((

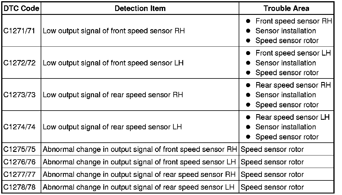 * During Test Mode (signal check), the skid control ECU records all DTCs of the sensor check function. By performing Test Mode (signal check), the codes are cleared if a normal condition is confirmed. The remaining codes are the codes where a malfunction was found.
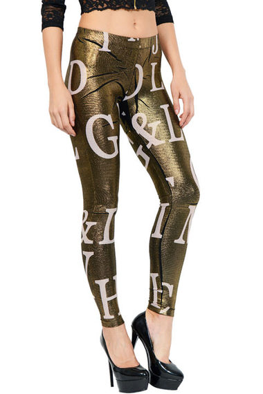 Молодежные лосины из полиэстеровой ткани с золотистым отливом. Модель на поясе-резинке,декорирована стильным текстовым принтом.
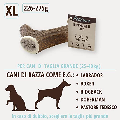 PetLove Corno di cervo per Cani, Carna Intere (XL 226-275g) • Osso da Masticare per Cani • Bastone Snack per Cani • Giocattolo per Cani da Masticare Lunga Durata
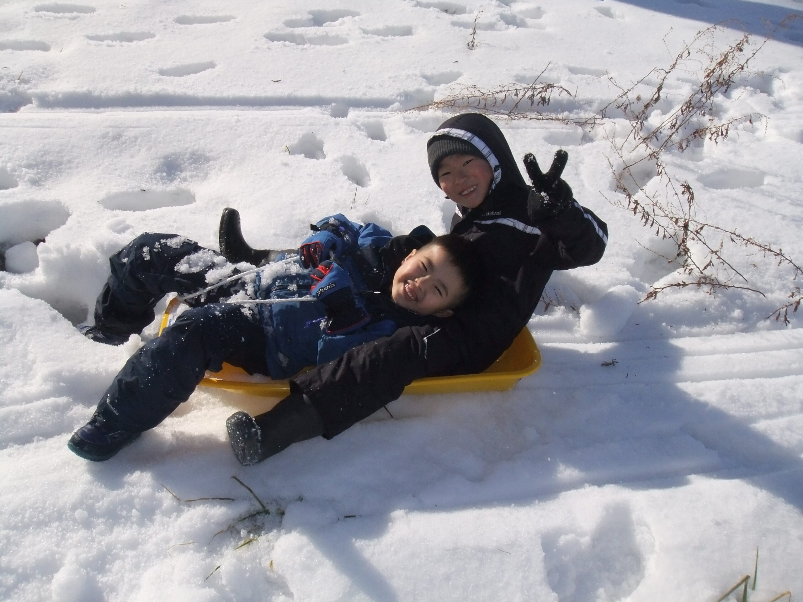 川側はもう雪が溶け草が見えていましたが、神社側の方は雪が残っていて、みんなでソリ遊びを楽しむことができました。
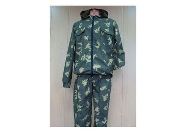 Куртка+брюки. Куртка с капюшоном, на молнии, внизу на резинке. Рукава втачные на манжете. Карманы на груди накладные с клапаном на липучке, листочки внизу. Брюки с резинкой на поясе и внизу. Карманы с косым входом по бокам.
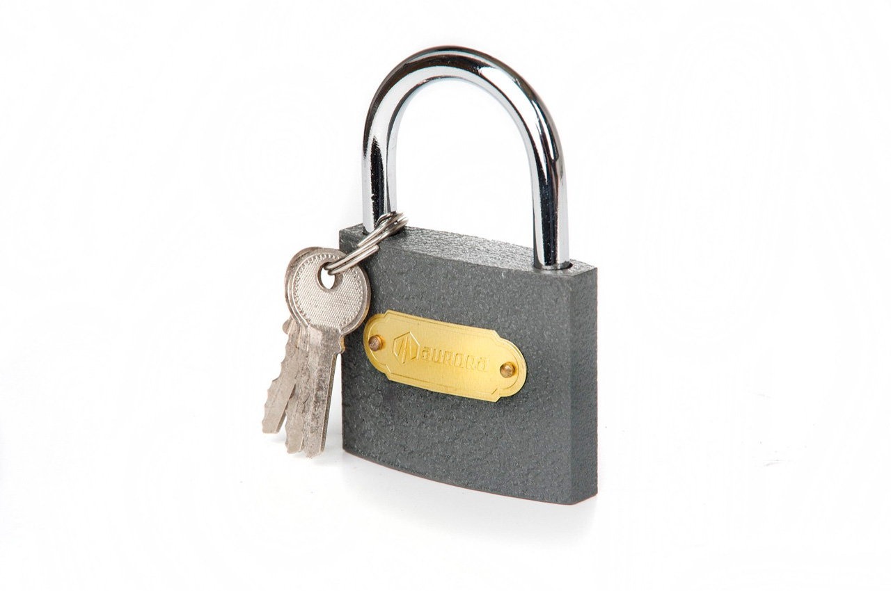 Замок навісний Aurora - практичний та довговічний замок для побутового та господарського використання. Обладнаний надійним циліндровим механізмом (англійський тип), який забезпечує зручне замикання та підвищену безпеку. Металевий корпус із сірим покриттям стійкий до корозії й зношування.
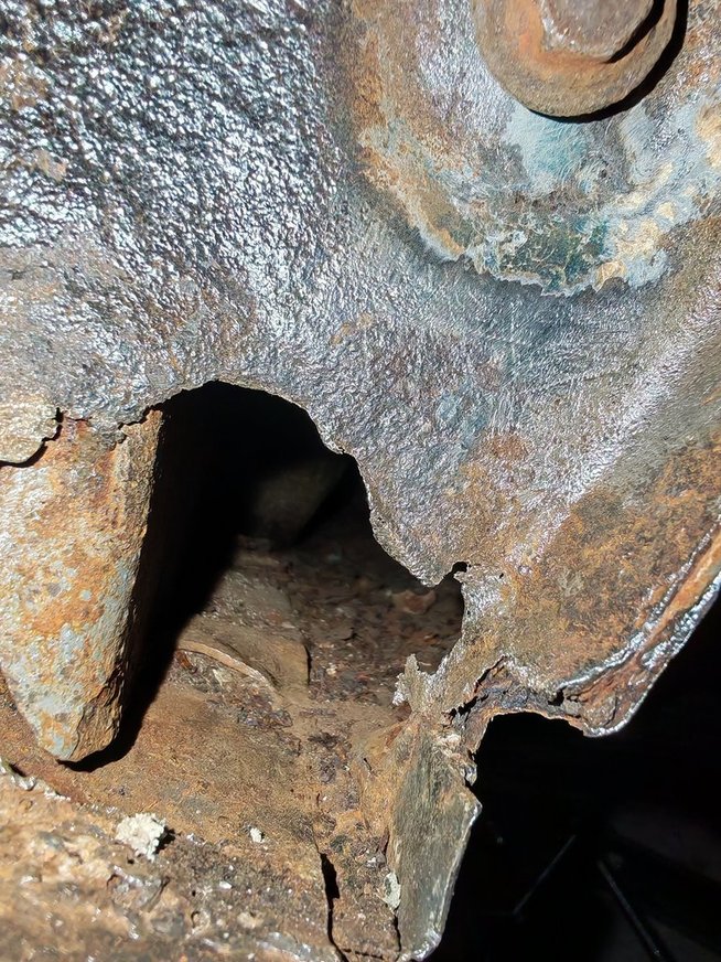 I’’ll have a proper poke around, after the car has sat in the garage drying out, take a wire wheel to it, and see how much metal remains. Hoping it’ll be just a patch up, Other side is rusty as well but no holes.
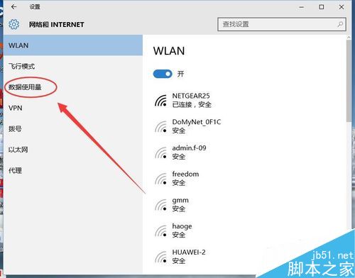 4、在网络和Internet选项的菜单栏有一项“数据使用量”在这里就可以查看数据使用情况了,单击打开
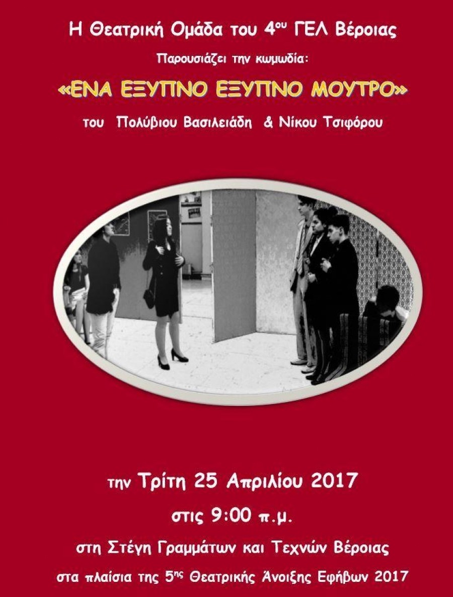 Στον θεατρικό διαγωνισμό της 5ης Θεατρικής Άνοιξης Εφήβων συμμετέχει φέτος η θεατρική ομάδα του 4ου ΓΕΛ Βέροιας, παίζοντας την Τρίτη 25 Απριλίου στις 9 το πρωί στην Αντωνιάδειο Στέγη το έργο των Πολύβιου Βασιλειάδη – Νίκου Τσιφόρου “Ένα έξυπνο έξυπνο μούτρο”.

))

Would you please copy, exactly and only, the lines from the one with "4、在网络和Internet" through the end of the entries above, skipping every picture?

> [Written solution]:
 4、在网络和Internet选项的菜单栏有一项“数据使用量”在这里就可以查看数据使用情况了,单击打开
 Στον θεατρικό διαγωνισμό της 5ης Θεατρικής Άνοιξης Εφήβων συμμετέχει φέτος η θεατρική ομάδα του 4ου ΓΕΛ Βέροιας, παίζοντας την Τρίτη 25 Απριλίου στις 9 το πρωί στην Αντωνιάδειο Στέγη το έργο των Πολύβιου Βασιλειάδη – Νίκου Τσιφόρου “Ένα έξυπνο έξυπνο μούτρο”.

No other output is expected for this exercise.